We held three weddings and the very wonderful celebration of Bob & Susan Meehan’s 50th wedding anniversary. We also held numerous other events, most of them office retreats by folks like the Peace Corps, Planned Parenthood, Advocates for Youth, the Center for Community Change, and others. The nice Syrians continued their film series, the Spiritists and the Democratic Socialists held their monthly meeting, the LGBTQ Executives met biweekly and Al-anon met weekly, and two new groups of International Honors Program students came to do their orientation before heading off to study health care systems in 3 other countries.
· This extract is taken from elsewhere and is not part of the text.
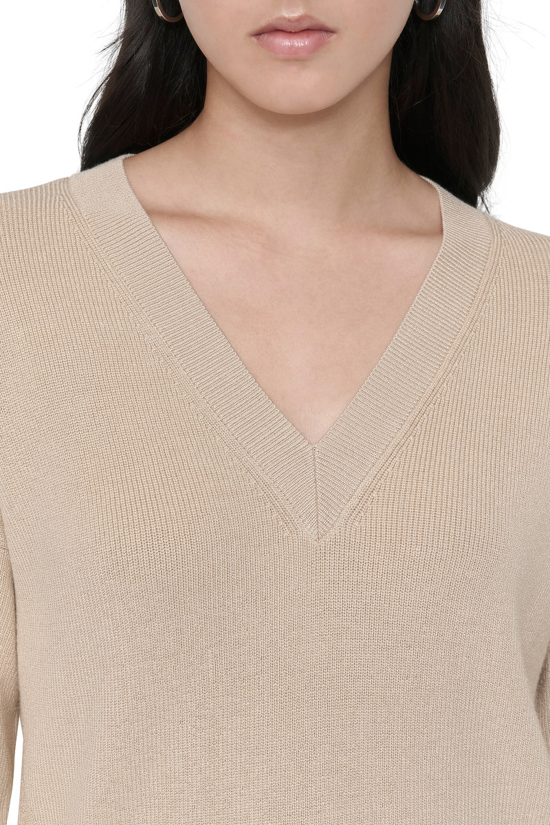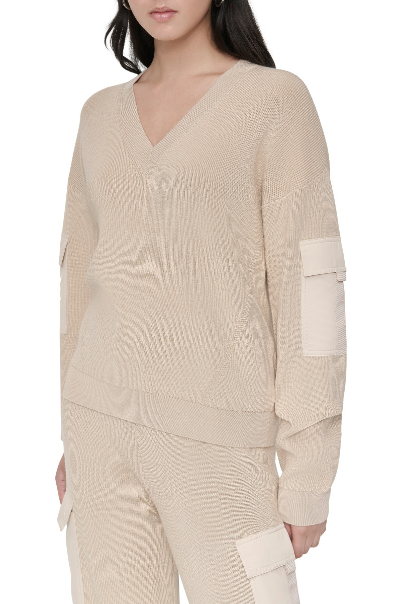 PULÓVER DKNY L/S VNCK SWTR W/ SAT CHINO KHAKI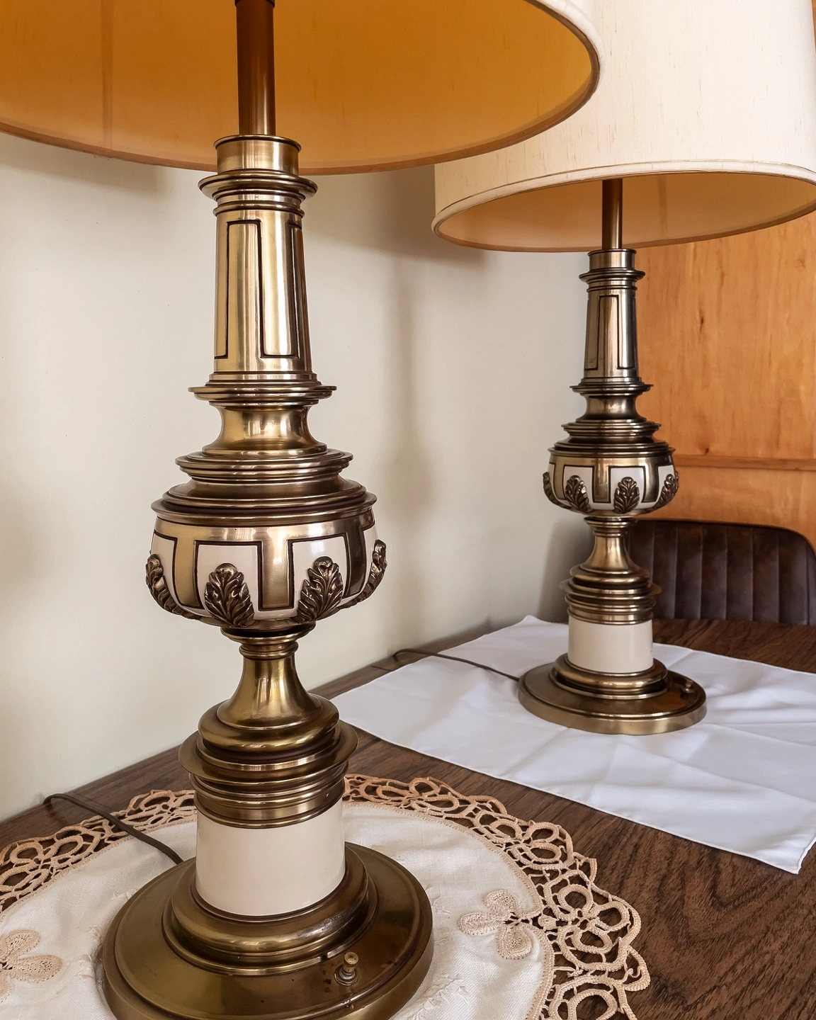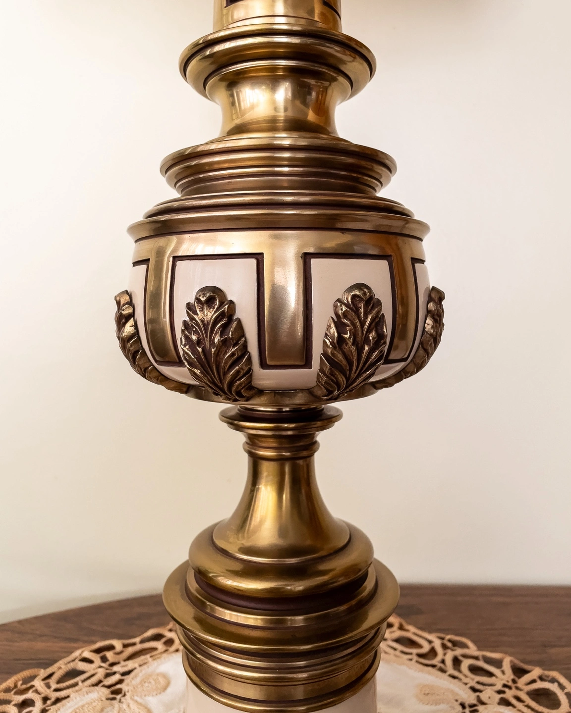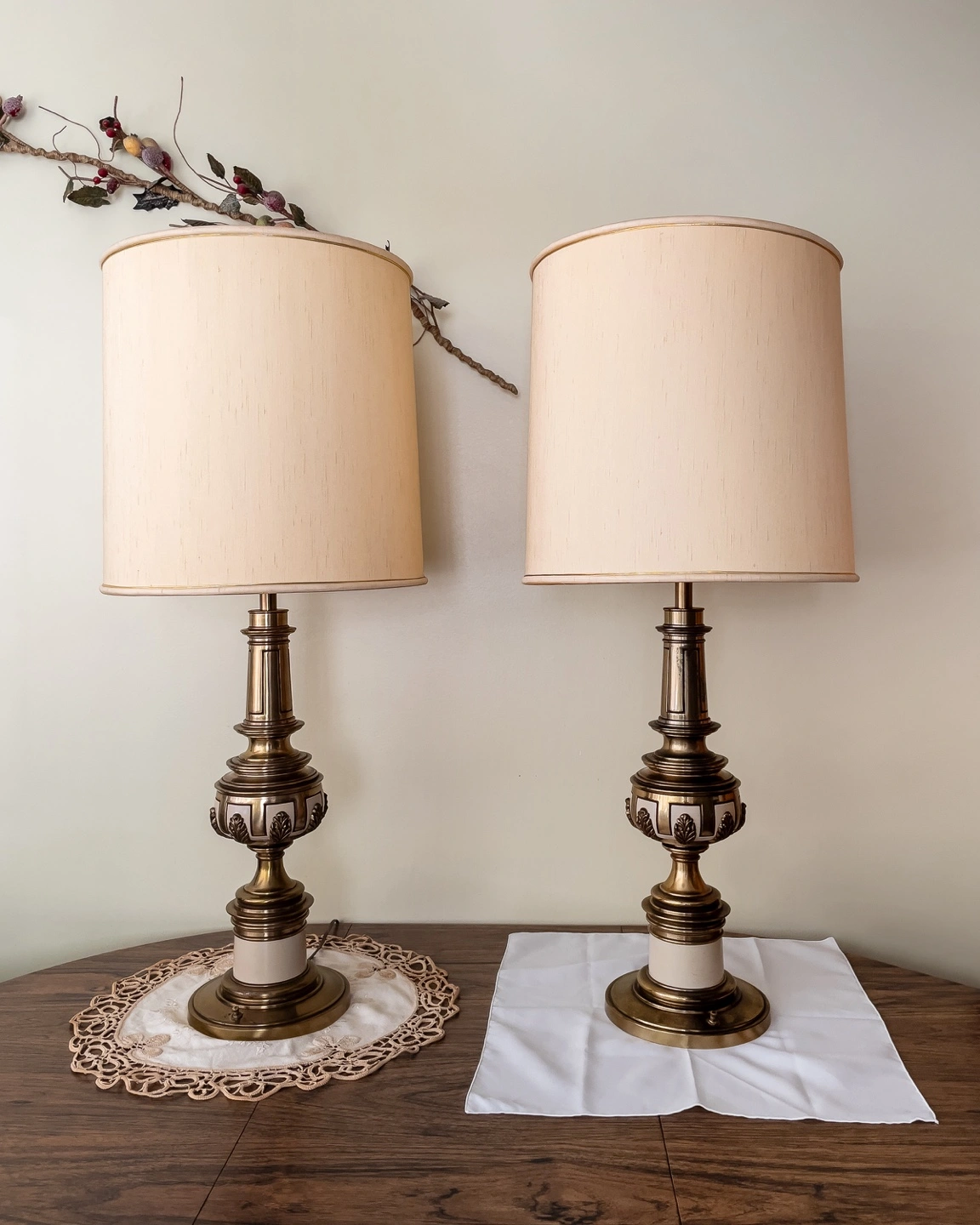 Elegant vintage brass table lamps with cream shades. Measures 40" H with a 15.5" diameter. In good condition with some wear consistent with age and use.

There were days when we had the place to ourselves, and a few days when every single room was filled, as well they should be.

 

This is an amazing Meeting, Friends.

 

My son lives in Charlottesville and was half a block away when the car rammed into the counter-protesters. I was shaken by this, and spent a lot of time hand wringing. I remembered reading about the end of World War II, when many people asked, Where were the good Germans—the ones who disliked Hitler, who hated what was happening to their country, who were horrified by the death camps and so many other Nazi actions. I asked myself, Where are the good Americans now? Well, look around you, Friends. They’re all over the place—with the counter protests in Charlottesville and Boston, and with numerous groups large and small working to preserve supports for the vulnerable. To me, the good people are right here. And I am so grateful for you.